◆ **What to produce**
Starting at the line that contains "Chaque fil est" and stopping at the line that contains "With grand cathedral", transcribe every line of the material below exactly; pictures stay out.

◆ **Dataset extract**
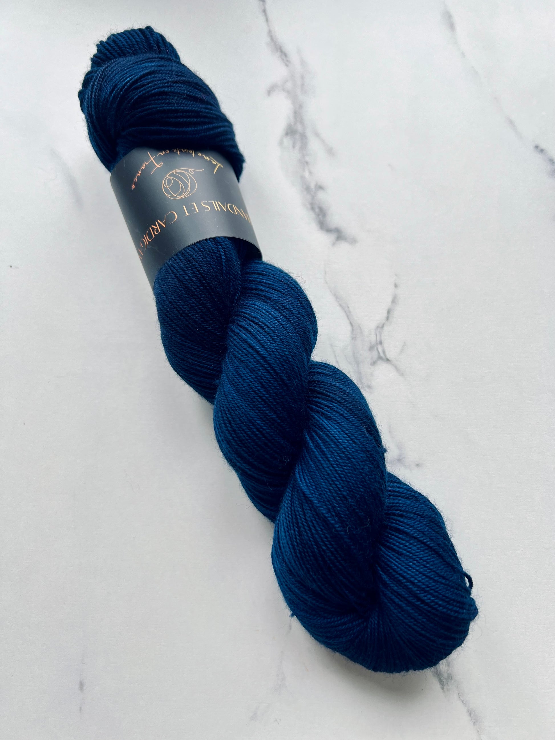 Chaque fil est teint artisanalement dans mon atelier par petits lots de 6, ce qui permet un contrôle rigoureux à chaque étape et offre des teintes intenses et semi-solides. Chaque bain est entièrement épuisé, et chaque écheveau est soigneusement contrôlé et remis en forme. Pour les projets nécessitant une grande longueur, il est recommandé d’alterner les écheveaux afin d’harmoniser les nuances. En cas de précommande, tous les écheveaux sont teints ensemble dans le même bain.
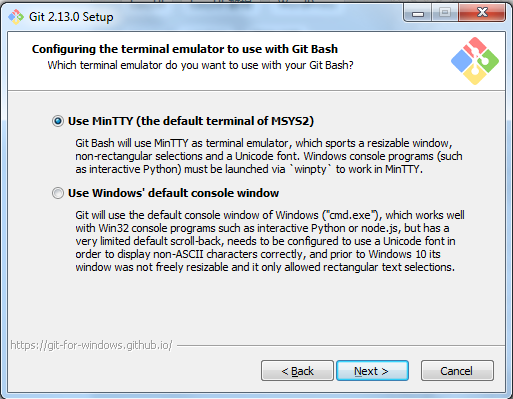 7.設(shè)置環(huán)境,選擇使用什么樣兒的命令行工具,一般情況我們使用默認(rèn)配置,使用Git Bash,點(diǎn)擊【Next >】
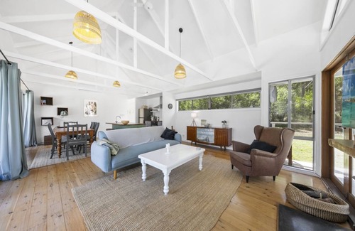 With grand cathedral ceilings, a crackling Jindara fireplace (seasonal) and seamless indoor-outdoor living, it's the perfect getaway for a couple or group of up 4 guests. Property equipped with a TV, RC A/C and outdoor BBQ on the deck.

==

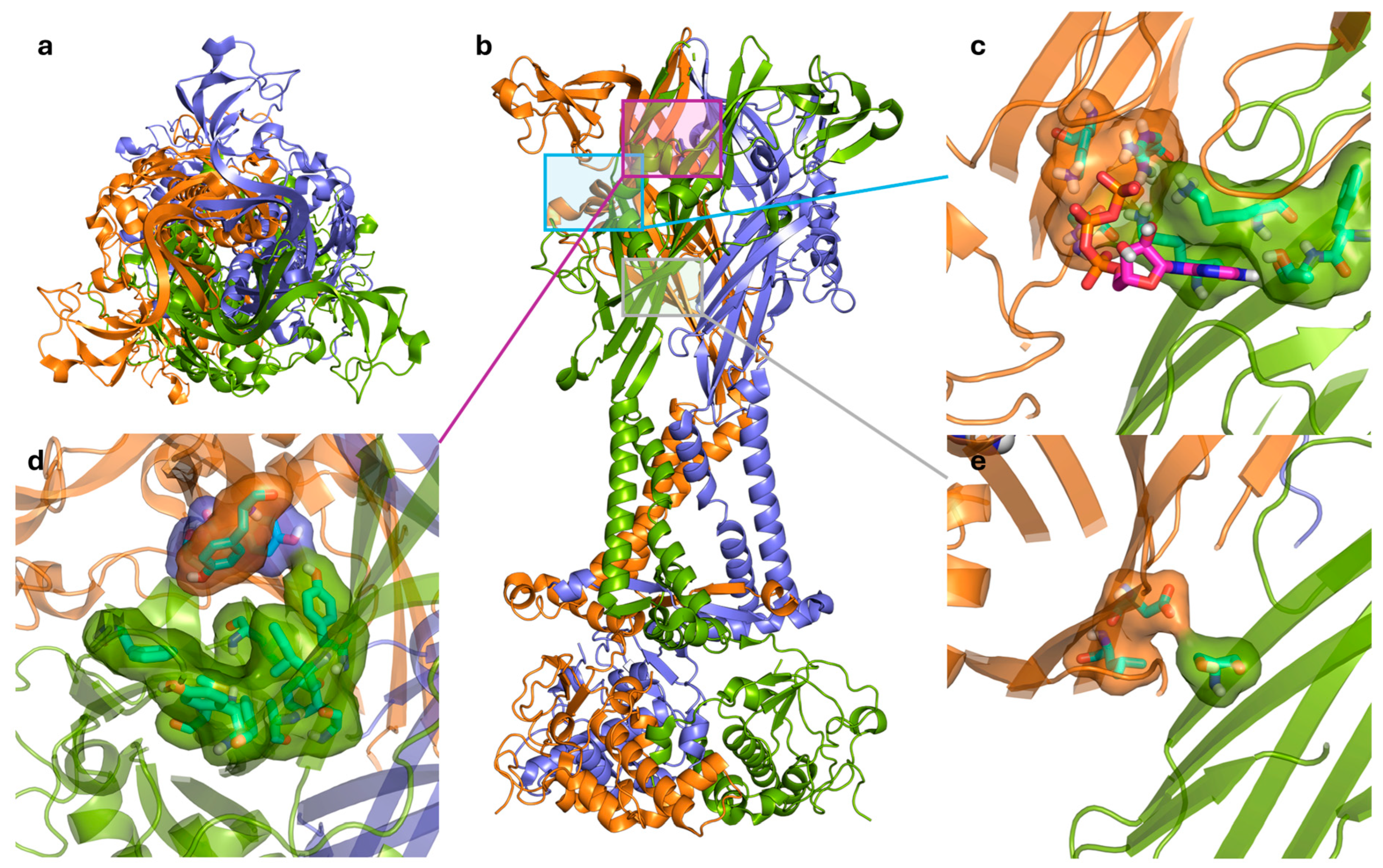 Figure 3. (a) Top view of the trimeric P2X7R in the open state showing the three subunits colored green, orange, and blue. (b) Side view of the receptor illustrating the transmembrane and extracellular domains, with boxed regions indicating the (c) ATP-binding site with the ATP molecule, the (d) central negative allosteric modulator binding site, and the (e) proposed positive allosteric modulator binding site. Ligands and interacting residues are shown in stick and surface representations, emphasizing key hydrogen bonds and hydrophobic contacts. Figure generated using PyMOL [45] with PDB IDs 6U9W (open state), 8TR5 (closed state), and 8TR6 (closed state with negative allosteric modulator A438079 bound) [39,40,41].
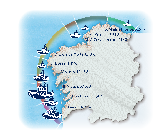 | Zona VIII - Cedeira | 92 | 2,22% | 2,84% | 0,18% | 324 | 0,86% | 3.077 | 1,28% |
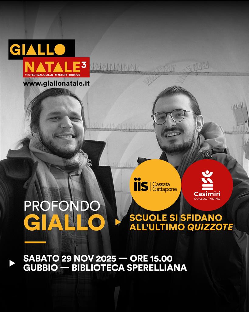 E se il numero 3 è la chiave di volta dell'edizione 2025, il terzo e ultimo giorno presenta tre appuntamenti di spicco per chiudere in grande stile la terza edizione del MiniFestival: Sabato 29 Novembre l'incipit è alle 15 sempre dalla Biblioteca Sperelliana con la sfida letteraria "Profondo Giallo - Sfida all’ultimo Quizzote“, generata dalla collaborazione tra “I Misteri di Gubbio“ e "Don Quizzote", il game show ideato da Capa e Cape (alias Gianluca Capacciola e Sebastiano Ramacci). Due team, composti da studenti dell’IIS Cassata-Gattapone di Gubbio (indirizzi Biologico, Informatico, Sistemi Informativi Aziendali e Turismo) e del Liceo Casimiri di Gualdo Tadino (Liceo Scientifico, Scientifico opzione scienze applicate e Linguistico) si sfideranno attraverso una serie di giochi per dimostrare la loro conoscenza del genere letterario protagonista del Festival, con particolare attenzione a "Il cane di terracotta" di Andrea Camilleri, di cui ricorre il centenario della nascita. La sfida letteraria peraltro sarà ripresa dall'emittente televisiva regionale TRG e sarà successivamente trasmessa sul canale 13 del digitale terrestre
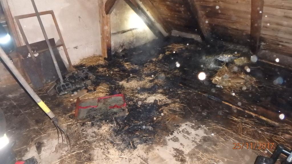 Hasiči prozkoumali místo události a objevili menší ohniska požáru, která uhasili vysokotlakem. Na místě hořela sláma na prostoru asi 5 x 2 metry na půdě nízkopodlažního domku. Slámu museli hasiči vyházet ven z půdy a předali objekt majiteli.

◆ **Response**
 Chaque fil est teint artisanalement dans mon atelier par petits lots de 6, ce qui permet un contrôle rigoureux à chaque étape et offre des teintes intenses et semi-solides. Chaque bain est entièrement épuisé, et chaque écheveau est soigneusement contrôlé et remis en forme. Pour les projets nécessitant une grande longueur, il est recommandé d’alterner les écheveaux afin d’harmoniser les nuances. En cas de précommande, tous les écheveaux sont teints ensemble dans le même bain.
 7.設(shè)置環(huán)境,選擇使用什么樣兒的命令行工具,一般情況我們使用默認(rèn)配置,使用Git Bash,點(diǎn)擊【Next >】
 With grand cathedral ceilings, a crackling Jindara fireplace (seasonal) and seamless indoor-outdoor living, it's the perfect getaway for a couple or group of up 4 guests. Property equipped with a TV, RC A/C and outdoor BBQ on the deck.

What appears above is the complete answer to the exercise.